Amature photographer? I got you! Are you a pro and need something badass to travel with? I have just the one for you too. In between or unsure? This post will help!
I have a travel tripod for everyone out there and I hope you can find the right for you and your travels.
The Best Travel Tripods For Any Snap Happy Traveler
I have one confession about travel tripods. They can be a bitch to carry! There’s no way around it.
As a professional, I need one. Literally, NEED one. And a good full sized one too.
So one thing to note here is, if you don’t really NEED a tripod, I have some suggestions below as to which would be best for those on a budget and with less space up for grabs in their bags so it’s not so cumbersome to bring along. Yet, you’ll still get the benefits of having a tripod.
Let’s get one thing straight, a tripod is not 100% necessary for getting cool snaps. However, for certain shots, and if you really want to take your photography to the next level, a travel tripod is needed.
Everything here is mostly organized by price and size. So we’re starting out with the super pro tripod and working our way down and ending with my personal favorite.
|1. MeFOTO Classic Carbon Fiber Globetrotter||Lightweight, portable and highly functional with a 5-year warranty||3.7 lbs|
|2. Manfrotto MT055XPRO3||Best Under $ 200||5.5 lbs|
|3. K&F Concept 62” DSLR Tripod||Lightweight and easy to use||2.99 lbs (with ball head)|
|4. Rangers 57” Ultra Compact Tripod||Lightweight and easy to setup, under $ 100||2.89 lbs|
|5. JOBY GorillaPod 5K Kit||Best flexible tripod||1.06 lbs|
|6. Manfrotto MTPIXIEVO||Small, very stable and versatile||0.57 lbs|
|7. Joby GorillaPod 3k Kit||Lightweight and versatile||0.54 lbs|
|8. Selfie Stick With Tripod||Best Tripod for GoPro Users||1.05 lbs|
|9. Manfrotto MKBFRA4-BH BeFree||Best Overall Tripod||3.1 lbs|
Best Travel Tripod Under $ 350
1. MeFOTO Classic Carbon Fiber Globetrotter Travel Tripod
The MeFOTO Classic Globetrotter is that rare animal – a combination of lightweight, portable and highly functional for outdoor photography in the toughest terrain. You won’t have any issues using large DSLRs or other cameras on this travel tripod as it supports 26.4 lbs.

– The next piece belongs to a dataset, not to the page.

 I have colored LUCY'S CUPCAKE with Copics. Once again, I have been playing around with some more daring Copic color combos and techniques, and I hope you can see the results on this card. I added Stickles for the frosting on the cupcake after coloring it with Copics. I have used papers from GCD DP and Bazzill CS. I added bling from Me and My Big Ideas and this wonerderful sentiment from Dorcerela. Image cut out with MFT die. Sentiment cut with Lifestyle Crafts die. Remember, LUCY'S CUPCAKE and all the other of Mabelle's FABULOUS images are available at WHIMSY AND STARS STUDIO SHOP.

Thanks to its five extendable leg sections, you can adjust the height between 16.1’’ and 64.2’’.
In addition, the tripod’s legs can be inverted and folded back to fit compactly together. It is rugged and tough enough to last years of use in harsh conditions, if well maintained.

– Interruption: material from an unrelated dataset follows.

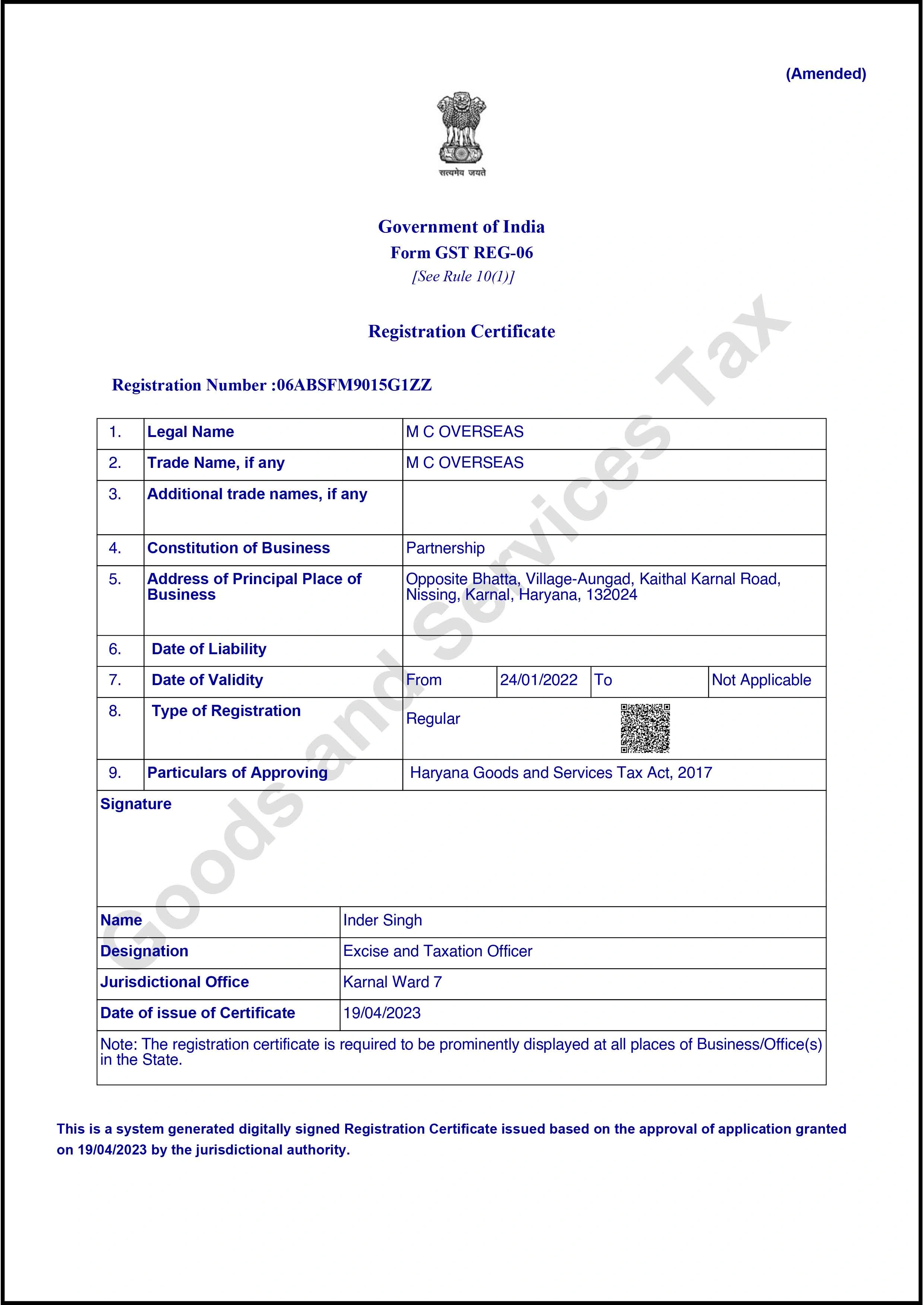 SCO 535, NEW GRAIN MARKET KARNAL, HARYANA, INDIA

The Globetrotter comes with a 5-year warranty from the manufacturer and a carrying case.
The tripod can also be converted into a full-length monopod. And thanks to the precision ball head, integral bubble level, and 360-degree panning, you have a lot of choices when it comes to taking the perfect shot.
- Reliable, high-quality construction with good height, and can support heavy photography equipment with no problems.

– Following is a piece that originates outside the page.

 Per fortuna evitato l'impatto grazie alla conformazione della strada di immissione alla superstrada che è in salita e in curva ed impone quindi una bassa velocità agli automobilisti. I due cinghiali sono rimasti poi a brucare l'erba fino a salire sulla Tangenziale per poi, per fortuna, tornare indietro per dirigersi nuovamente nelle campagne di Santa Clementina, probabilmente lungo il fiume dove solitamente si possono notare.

- The locking mechanisms do allow sand and other debris to enter, so you will need to clean it periodically if you use it in rough terrain.
RELATED: All the Travel Gear I Use and Love
Best Travel Tripod Under $200
2. Manfrotto MT055XPRO3
If your travel photography takes you off the beaten track, you need to be prepared for anything. The PRO3 from Manfrotto delivers a professional level tripod that will satisfy even the most demanding photographers and can handle all kinds of conditions.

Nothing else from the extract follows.